Privacy: The Other Side of Social Media in Church

July 02, 2014

This past Sunday, churches across the country celebrated Social Media Sunday-a coordinated effort begun in the Episcopal Church to increase congregational use of social media tools.

It was a huge success by any number of measures, and speaks to the traction social media is gaining in congregational life. Increasingly, congregations are talking about all the up sides to using Facebook, Twitter, Pinterest, Instagram, etc.

But there is a side to social media that isn't being addressed, and it's important that we begin the discussion now. For it presents a far greater threat to social media's use in church than apathy or aging demographics.

It's privacy.

The discussion is all around us, and is surely in your parishoners' heads. Consider the following basic stats:

  • According to Pew Research, 86 percent of people are taking steps to mask or remove their digital footprints.
  • A Harris Interactive Poll showed 80 percent of people have changed the security settings on their devices, most in the past six months.

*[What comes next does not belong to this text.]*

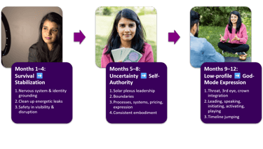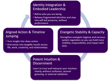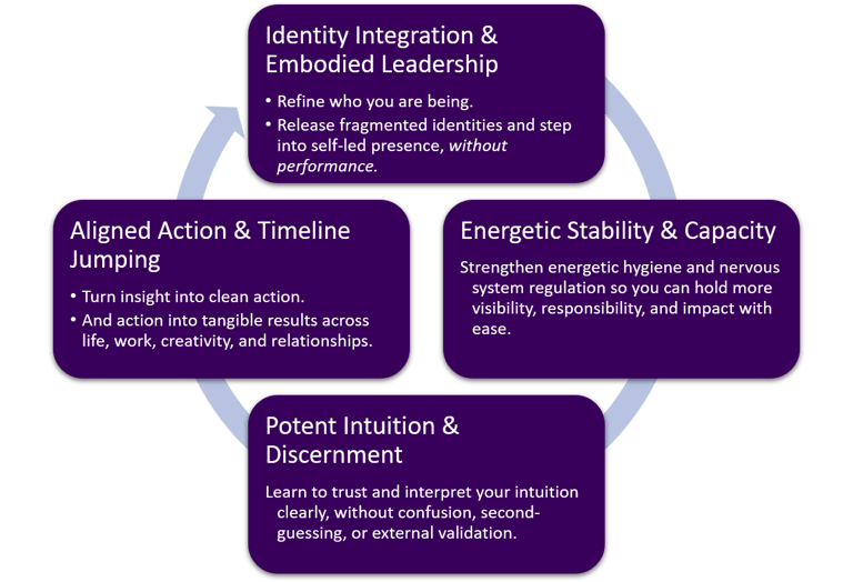 Integration often takes time. This container is designed for steady refinement, not quick fixes or emotional highs. Speaking from my own experience with year-long containers, a full year allows your nervous system, intuition, and leadership to integrate and stabilize, so the changes actually manifest into real-life results.

And recent news stories aren't improving the situation. Last week it was revealed that Facebook undertook a psychological experiment on some 700,000 of its users. Their newsfeeds were changed-without their knowledge-to show more positive of more negative news content. Facebook wants to know if it can affect your mood. (Results? It can.)

And this is only scratching the surface.

Run for the Hills?

To be sure, there are some who look at these facts and pronounce that social media is evil and destructive and that we should all simply unplug.

Before taking that approach, consider this. Companies and marketing groups have been spying on you for years. Remember pre-internet days when you'd sign up for a free contest, only to have your phone ring off the hook for 6 months when the sponsoring company sold your information? Or all that junk mail you use to get? That's right, companies were sharing names and information so they can target you.

Social media has simply made this easier for corporations (and governments) to do.

Moreover, while we (rightly) get angry with Facebook and Google, it is becoming more and more difficult to live without them. From the email services that we depend on, to online bill pay and banking and the convenience of shopping online, there are many, many benefits to the society we now live in. We're not likely to give that up anytime soon.

What we are doing is becoming smarter about what we share, and weighing the risks.

Faith Communities' Key Role-Embracing the Sunlight

Certainly, people today are more nervous about privacy issues. But they also show no sign of dropping their mobile phones, iPads, or laptops.

If we've learned anything over the past two years, it's that people generally understand the trade-offs and still believe the risk is worth it. What they have no patience for are organizations that routinely lie about privacy regulations.

It's not, for example, that Facebook does the things it does, but that it consistently misleads about your ability to opt out, or how much control you really have. The same is true of Google, which recently announced, for example, that your email isn't private at all.

With this in mind, here are three simple things every church can do to raise your congregation's level of confidence in social media, and help them live into the power it provides the church for connecting both internally, and externally.

  • Secure permission: There's nothing more distressing than opening a church web page, or seeing a Facebook post, with your picture splashed on it-and no one asked permission. When writing a story about someone, it's routine to seek permission to use a person's name. The same should be true of your members. You should have a record of who does, and doesn't, want their images used online, in print, or in any marketing pieces you might produce.
  • Disclose, disclose, disclose: Do you have a church e-newsletter? Offer online giving? Both of these very common tools give you the power of observing your congregation's behavior. You know who clicks and who opens newsletters. What articles they read and who they share them with. You know what time of the day they do this. And you know how often. The same is true of many online giving platforms. You know precisely when they give, how they chose to produce those gifts, and you can easily track their giving history over time. I routinely encourage congregations to use this data to their advantage. For example, when looking for volunteers, you can reach out to people who have opened and read articles about feeding the homeless. Most of your members understand this-but they like to be asked. So disclose how you use their information-and how it won't be used. And stick to it.
  • Talk about it: Whether your church chooses to engage social media or not, your members deal with it every day. Even those who consider themselves low-tech and loathe social media, are opening themselves up to data mining every time they charge something, or visit a website. We live in a very different world. And as people of faith, Matthew's observation that "you are known by your fruits" takes on a more complex reality.

Yes-our understanding of privacy is changing rapidly. This isn't the first time it's happened. Many of the same concerns were voiced when the telephone came into common use. And when computers first made their appearance in the work place. And when security cameras began popping up like so many ant hills during the summer.

Greater challenges are ahead. Facial recognition software is further eroding the idea that our lives are private. Wearable technology is raising deeply profound questions-does a Google Glass wearer have the right to "research" you while talking with you? Can they photograph you without permission?

These are difficult legal, and moral, issues. And as people of faith, we have a prominent role to play. And it begins by learning to use these tools honestly, and openly, in our own communities.